Та же рука, до белых следов сжимающая ягодицу – Волков сглатывал густую, вязкую слюну и тяжело дышал, будто раскаленный солнечный диск все ниже нависал над его загривком.
Сергей развлекался – работал из дома да слал Олегу селфи, от которых Волкову хотелось завыть. Написывал сообщения, болтал сам с собой, зная, что Волков перечитает каждую букву по пять раз, делал фотки разной степени непристойности и просил прилетать быстрее.
Олег, уже сорок восемь часов распластанный животом на раскаленной сковородке пустыни, покрытый солью, песком и уже даже не потеющий – просто высыхающий, как печеное яблоко в духовке – разглядывал картинки и буквы и мысленно слал в никуда беззвучные мольбы послать уже поскорее этих проклятущих арабов.
Терпение его было бесконечным, чего нельзя было сказать о запасах воды.
Когда, наконец, в прицеле замаячил хаммер цвета хаки, Волков, окаменев и превратившись в статую с винтовкой, не сдержал выдоха ликования сквозь зубы. Спустя двадцать минут работа была сделана – машина догорала в кювете, окруженная разбросанными телами.
Под далекую канонаду взрывающихся в пожаре патронов Волков негнущимися пальцами нажал на кнопку на радиомаячке и снова уткнулся в смартфон.
На очередной фотографии улыбающийся Разумовский сжимал в сахарных зубах кусочек сырого мяса, а Марго аккуратно тянула клювом розовую куриную плоть.
Волков прилетает в Питер в пять утра и долго не может надышаться сырым воздухом. Он едет в машине с открытым окном, и влажный ветер треплет его волосы, из которых, кажется, все еще высыпается бесконечный песок.
Его встречает пустая квартира.
Выстуженная, темная, с отключенным отоплением.
Волков сбрасывает кожаную куртку и проходит, не разуваясь, по пяти огромным комнатам.

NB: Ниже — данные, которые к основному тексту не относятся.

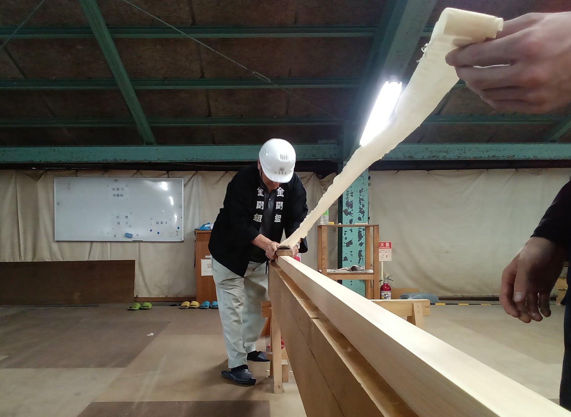 金剛組専属宮大工棟梁による「継ぎ手」の解説およびカンナ削りの実演を実施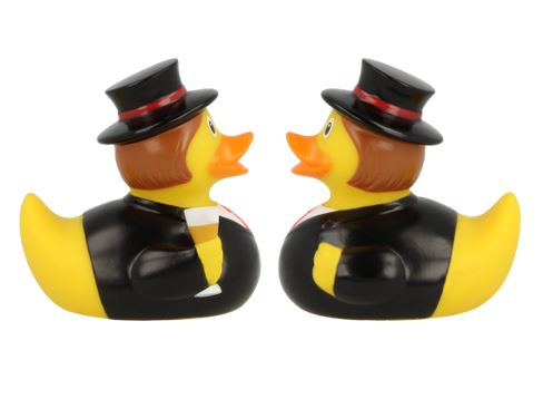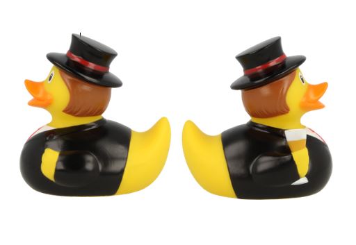Our Groom Rubber Ducks are the perfect, unique gift for the happy couple on their big day! Dressed smartly in a black suit with hat and holding their favourite beverage!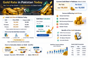 Tools Gold Rate in Pakistan Today (Per Tola & Per Gram) + Free Gold Rate Calculator Read More » March 1, 2026 No Comments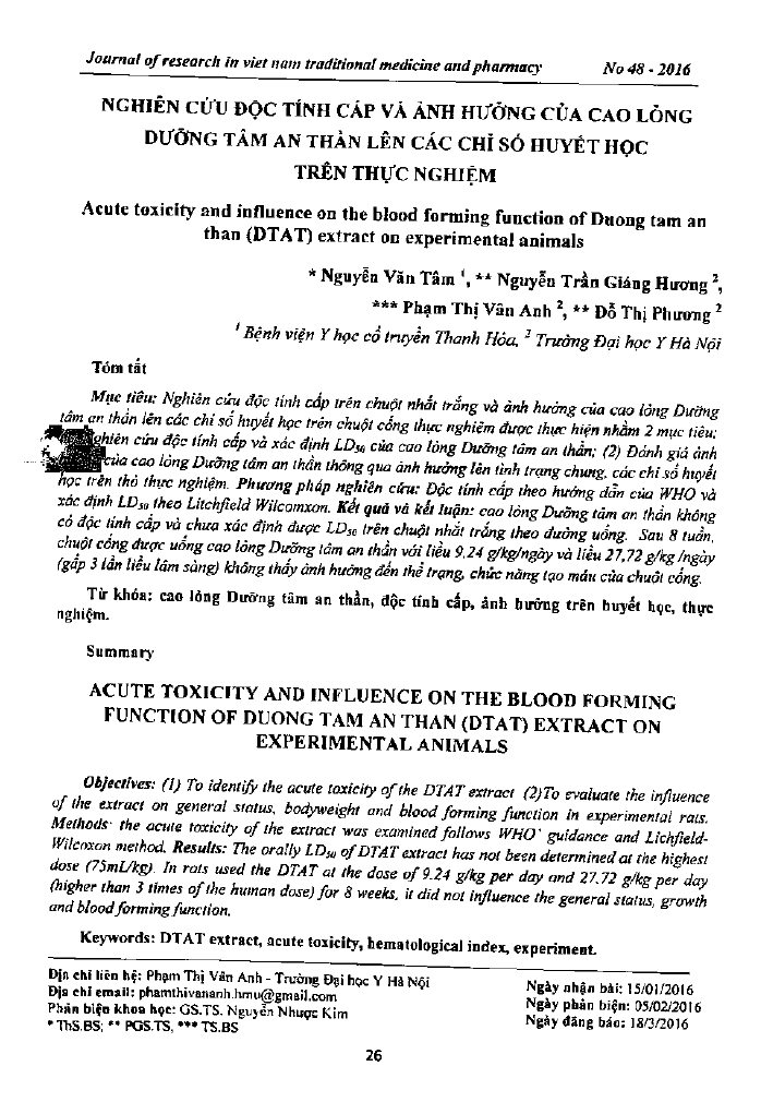 Nghiên cứu độc tính cấp và ảnh hưởng của cao lỏng dưỡng tâm an thần lên các chỉ số huyết học trên thực nghiệm
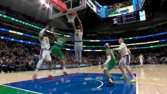 第二节比赛,虽然湖人这边有着中锋艾顿贡献的“名场面”,在篮下连续抢到4个前场篮板,却离谱地连续5次放篮不中,但是独行侠整体进攻受阻,湖人趁机将分差拉开,半场65比52领先13分。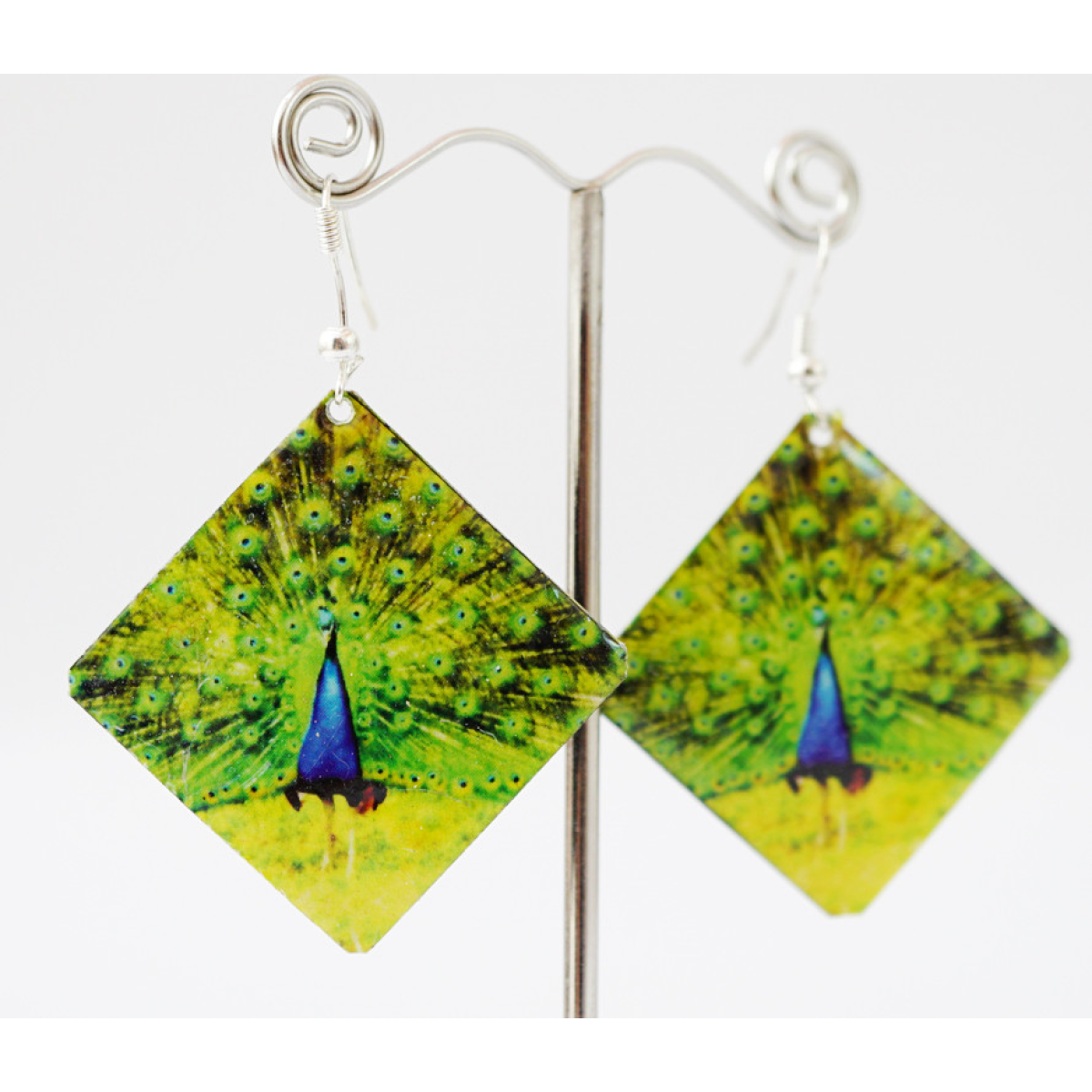 Сережки Хіпі Павич №1 Квадрат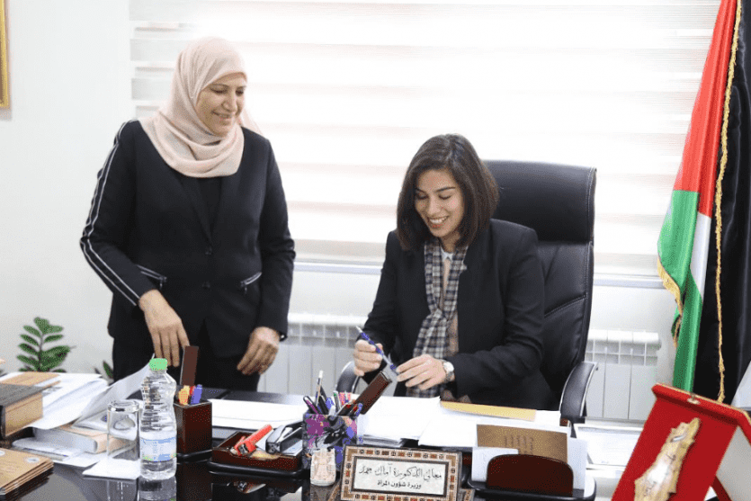 تولت اليوم الشابة الطالبة في جامعة فلسطين التقنية خضوري سوار عواد وزيرة شؤون المرأة الشاب لمدة يوم واحد، وذلك ضمن فعاليات برنامج تميز في موسمه الخامس، وذلك بحضور رئيسة مجلس إدارة منتدى شارك الشبابي رتيبة ابو غوش، بالشراكة مع صندوق الأمم المتحدة للسكان.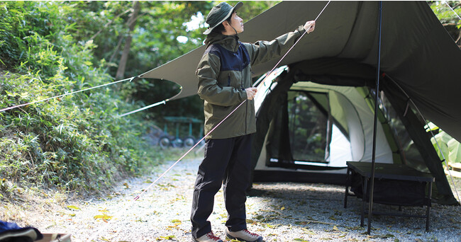 ~「耐水圧25,000mm」、「透湿度10,000g/平方メートル /24h(JIS-1099 B-1法)」でキャンプ・アウトドアから普段使いまで様々なシーンで活躍~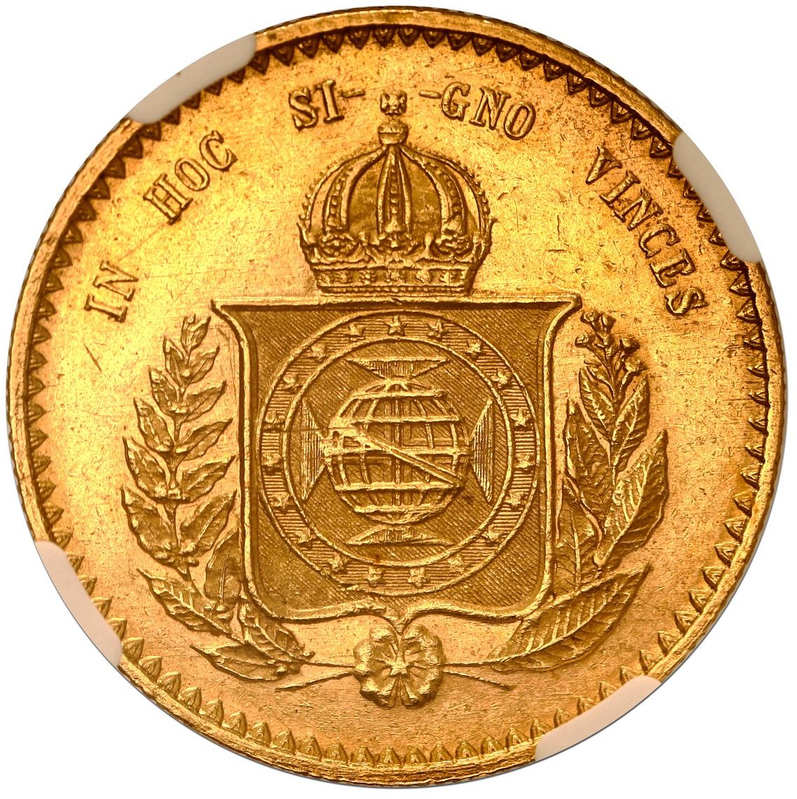 Brazil, gold 20000 reis, Pedro II, 1851, small bust, NGC MS 62. LMB-635; KM-463. Scarce two-year type, well-detailed strike and ample luster, minor marks.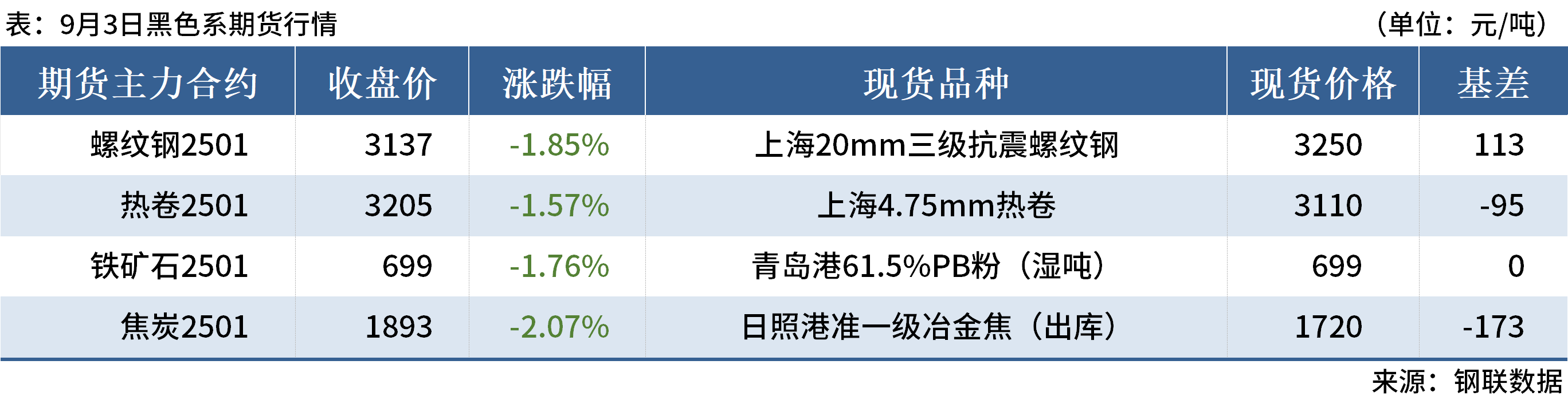 ◎9月3日,唐山钢坯出厂价格下调40元/吨,现迁安主流钢厂普方坯出厂报2870元/吨;迁安松汀钢铁普方坯出厂报2880元/吨。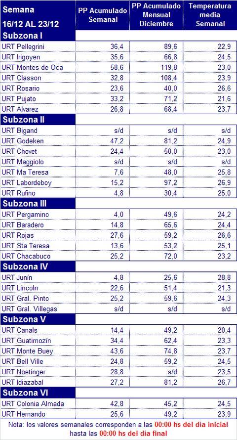 La semana comprendida entre el jueves 23 y el miércoles 29 de diciembre comenzará con condiciones estables en toda la región GEA. La presencia de una masa de aire cálido sobre el centro y norte del país mantiene temperaturas muy altas en toda la región GEA con marcas térmicas máximas que pueden alcanzar valores superiores a los 35°C durante el jueves. Hacia la noche del jueves, la llegada de un sistema frontal frío a la zona central del país provocará el desarrollo de precipitaciones en forma de chaparrones y tormentas de variada intensidad. De manera puntual, las mismas, pueden ser fuertes, acompañadas especialmente de ráfagas intensas de viento y no se descarta la caída de granizo. Los acumulados más importantes se esperan sobre la provincia de Santa Fe y Córdoba, en tanto que sobre Buenos Aires se prevé que las precipitaciones se registren de manera más aislada por lo que acumulados de lluvia importantes se darán sólo de manera puntual. El frente frío tendrá una rápida velocidad de desplazamiento, por lo que se prevé un cambio rápido de las condiciones, llegando al sábado sin lluvias y una significativa disminución de la cobertura nubosa que se mantendrá durante el resto de la semana. Posterior al pasaje del sistema frontal, se prevé el ingreso de una masa de aire con características diferentes a las previas, pero los cambios previstos no serán demasiado significativos. Si bien las marcas térmicas presentarán un leve descenso, las mismas serán superiores a los valores normales para el mes de diciembre. Esta nueva masa de aire frío se establecerá desde el domingo hasta el final del período sobre la zona central del país. De todas maneras, las características de la masa de aire se irán modificando con el transcurso de los días, recuperando rápidamente valores de temperatura muy altos. En cuanto a la humedad en las capas bajas de la atmósfera, se prevé que durante los primeros días de este período sea muy importante, y luego, con el ingreso de la masa de aire frío, se espera que se produzca un significativo secamiento que se mantendrá durante el resto del período, con un ascenso moderado hacia el comienzo de la próxima semana.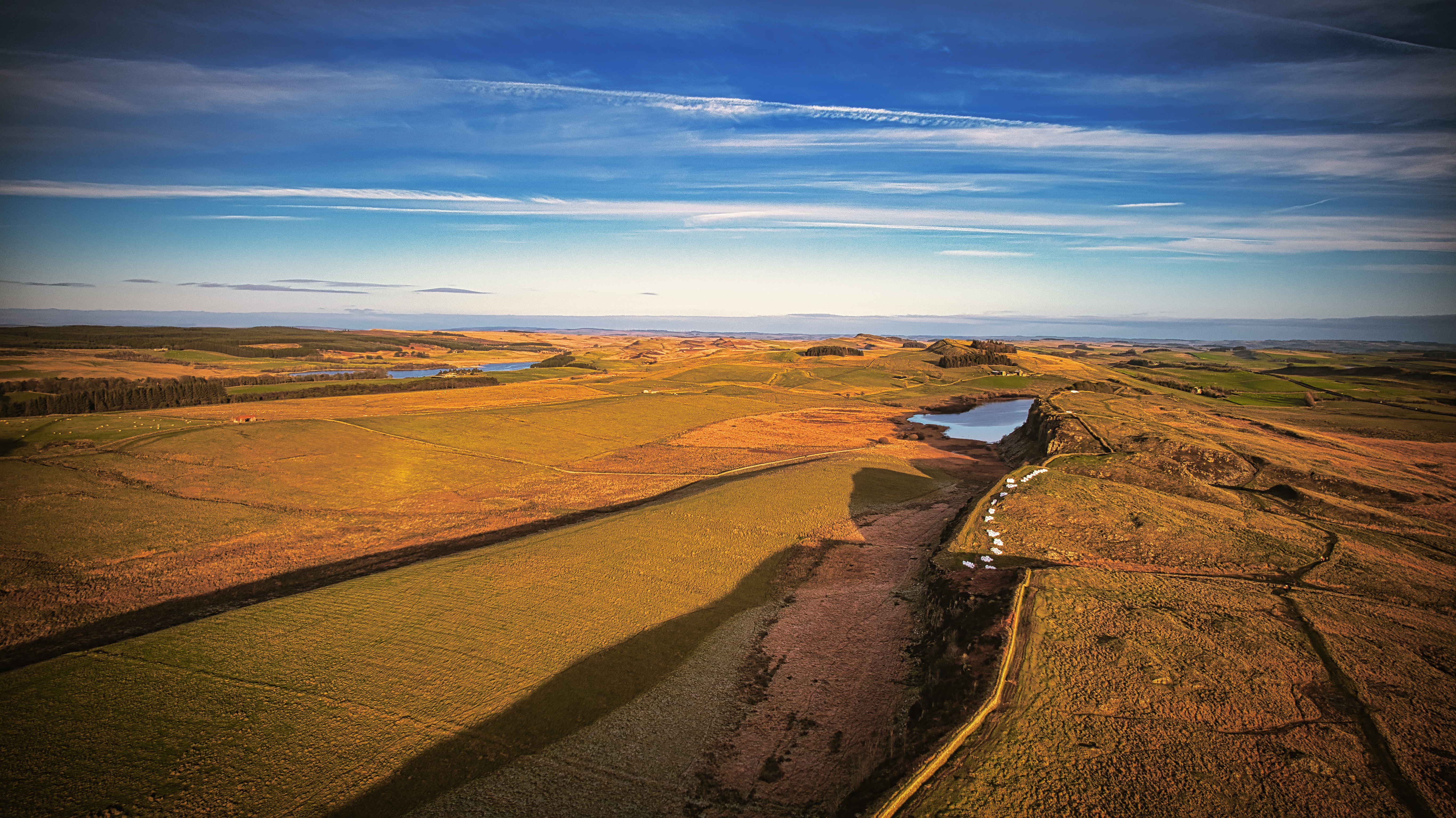 Scenic aerial view of a winding river through a vast, colorful landscape under a blue sky with clouds at Sycamore Gap, Northumberland, UK.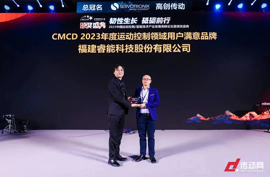 2023年12月在深圳舉辦的“2023年中國運動控制/直驅(qū)技術(shù)產(chǎn)業(yè)發(fā)展高峰論壇暨頒獎盛典”睿能科技憑借23年度良好的市場口碑,榮獲“CMCD 2023年度運動控制領域用戶滿意品牌”獎項,本次獲獎是睿能科技在運動控制領域客戶對我們產(chǎn)品質(zhì)量的高度認可,也是對睿能品牌的肯定。睿能將堅持不斷創(chuàng)新,為客戶提供更多選擇,持續(xù)推動整個工業(yè)自動化行業(yè)的發(fā)展。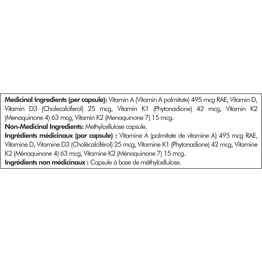 Ingredientes medicinales (por cápsula): Vitamina A (Palmitato de vitamina A) 495 mcg RAE, Vitamina D, Vitamina D3 (Colecalciferol) 25 mcg, Vitamina K1 (Fitonadiona) 42 mcg, Vitamina K2 (Menaquinona 4) 63 mcg, Vitamina K2 (Menaquinona) 7) 15 mcg. Ingredientes no medicinales: Cápsula de metilcelulosa.

Марго встречает его хриплым карканьем – в ее вольере достаточно корма и воды, а значит хозяин отбыл надолго.
В спальне Волков останавливается перед раскуроченной кроватью, поддает ногой батарею бутылок из-под текилы и шампанского.
На столике перед кроватью валяются раскрытые упаковки от презервативов, стоит ведерко с водой – давно оттаявшим льдом – и будто снежные узоры на стекле белеют разметанные следы порошка.
Бокалы и стаканы с отпечатками помады и без занимают почти все свободные поверхности, Олег брезгливо рассматривает чужое мужское белье, валяющееся на полу вперемешку с женскими стрингами и кружевными подвязками.
Видимо, Сергей совсем заскучал.
Олег громко хлопает дверью спальни и идет на кухню – как оказалось, единственное не оскверненное оргией помещение.
На кухне он включает бра, делает себе стопку бутербродов с сыром и красной рыбой под фырканье кофеварки, и заваливается на угловой диван.
Олег почти не чувствует обиды – такой уже человек Разумовский – лишь закрывает глаза и кладет прохладные пальцы на ноющие виски.
На следующее утро хозяин квартиры не появляется, и Олег посвящает почти весь день накануне своего дня рождения наведению звенящей армейской чистоты.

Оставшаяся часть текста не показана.